SAFE Banking Act would allow legal cannabis businesses to access banking

promoting a secure marketplace

U.S. Senators John Hickenlooper and Michael Bennet urged Senate colleagues to include the Secure and Fair Enforcement (SAFE) Banking Act in the 2022 National Defense Authorization Act (NDAA). The SAFE Banking Act allows legal cannabis businesses to access banking services, a long-overdue measure that would promote a more secure market for cannabis products. 

“Current law prevents licensed marijuana businesses from accessing banking services and products—such as depository and checking accounts—resulting in businesses operating all in cash,” the senators wrote. “Without federally-approved banking services, state-licensed cannabis businesses cannot write checks, make or receive electronic payments, utilize a payroll provider, or accept credit and debit cards.” 

In 2012, Colorado became one of the first states in the nation to legalize recreational marijuana use for adults.
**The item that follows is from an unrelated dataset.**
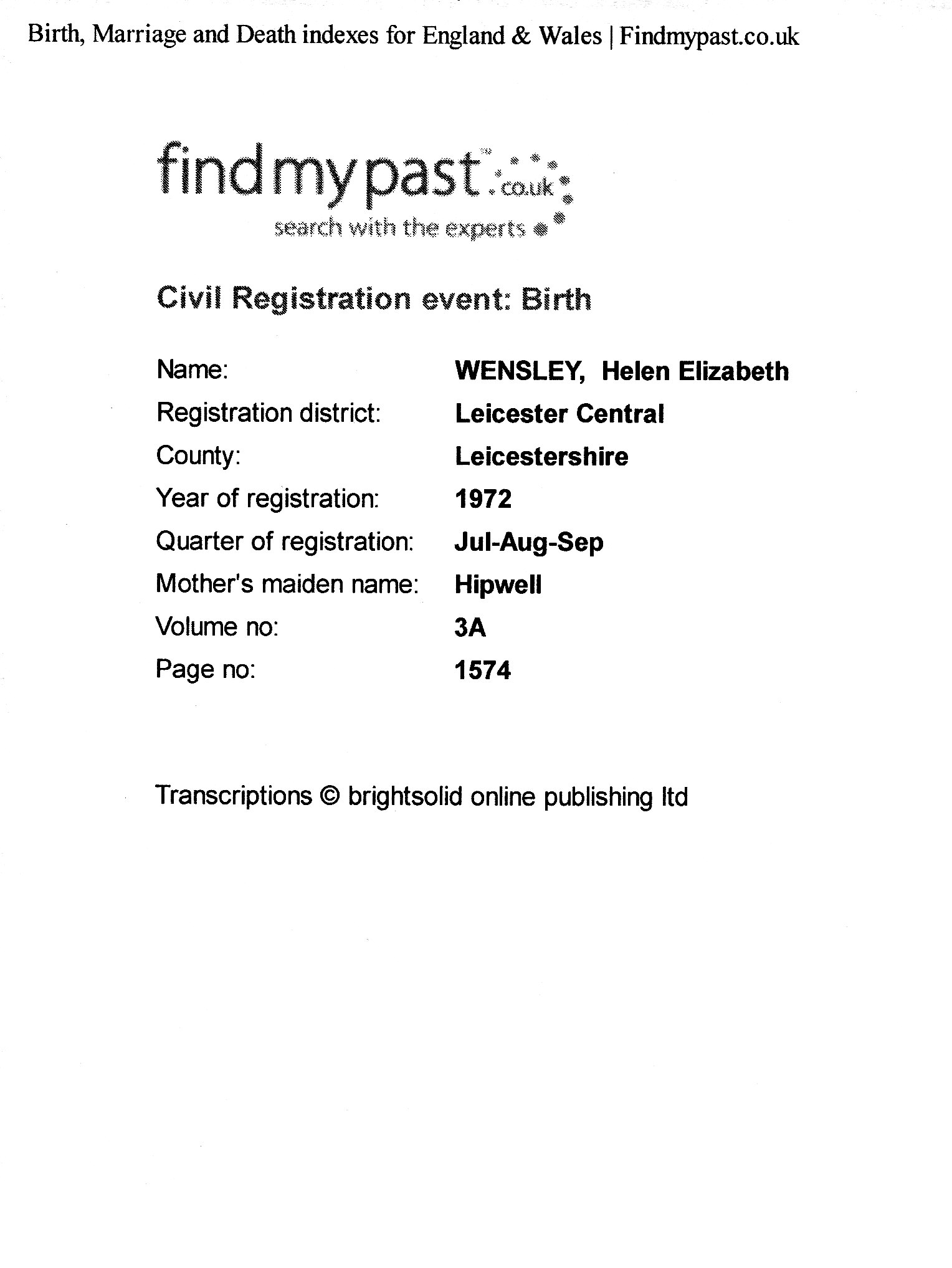 WS ESBR source_N067.jpg Birth Birth of Helen Elizabeth Wensley, 14 July 1972 14 7 1972
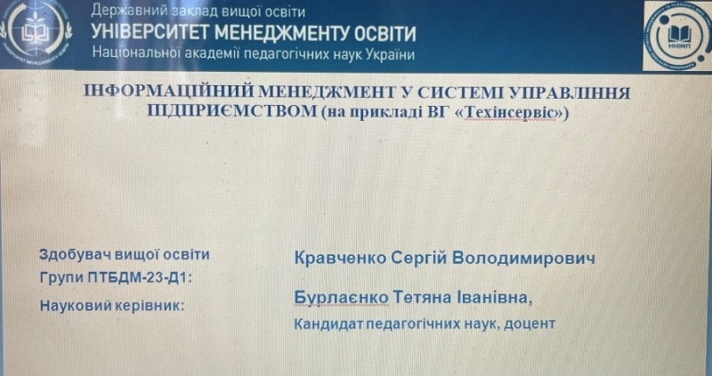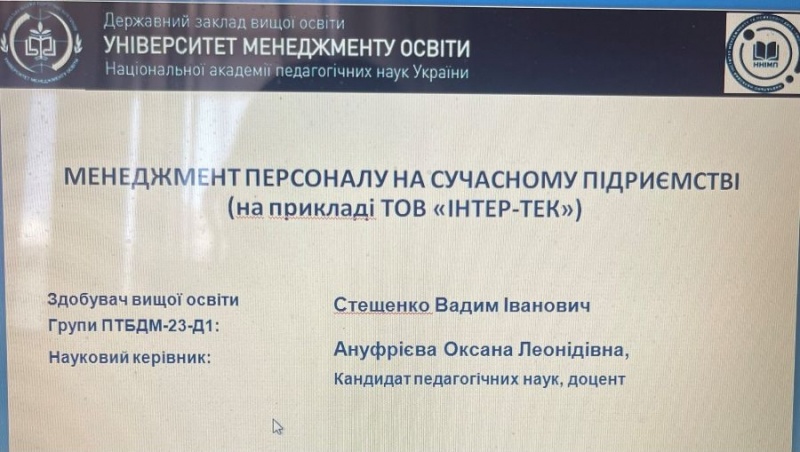 19 лютого 2025 р. у Навчально-науковому інституті менеджменту та психології ДЗВО «Університет менеджменту освіти» на кафедрі економіки, підприємництва та менеджменту відбувся успішний захист кваліфікаційних випускових робіт здобувачів вищої освіти спеціальності 076 – підприємство та торгівля, Освітня програма: Підприємництво торгівля та біржова діяльність (Група ПТБДМ-23Д1).

Since 2014, when the first adult-use cannabis sales occurred, Colorado has dealt with the challenges and opportunities presented by the decriminalization and legalization of cannabis. Legalization has had profound impact on our state’s economy, supporting over 35,000 jobs and bringing in more than $1 billion in tax revenue. 

“Including the SAFE Banking Amendment in the NDAA will align federal and state laws, promote economic growth and public safety, and increase access to the cannabis industry for underrepresented individuals. Congress has a responsibility to address inequities and public safety concerns that exist as a result of current law.” 

This is a serious public safety risk for our communities, inviting theft, tax evasion, robberies, burglaries, or worse. In Denver, cannabis businesses make up less than 1% of all local businesses, but accounted for 10% of reported business burglaries from 2012 to 2016. Cash-only industries also complicate tracking revenues for purposes of taxation and regulatory compliance. 

The all-cash model further disadvantages the cannabis industry by making it difficult to obtain loans at reasonable rates. The legalization of cannabis has created entrepreneurship opportunities out of formerly illicit markets, but a lack of access to capital limits the ability of would-be entrepreneurs and small business owners to enter this emerging industry.  This is especially impactful for entrepreneurs from traditionally underserved business communities, such as veterans, women, and minorities. Access to capital is critical for any small business and SAFE Banking requires a GAO study and annual regulator reports to Congress to ensure there is equal access to credit and reduced barriers for potential minority-owned and women-owned cannabis related legitimate businesses. For that reason, SAFE Banking has broad support from the Mountain West Credit Union Association, Law Enforcement Action Partnership, National Organization for the Reform of Marijuana Laws (NORML), and the Minority Cannabis Business Association.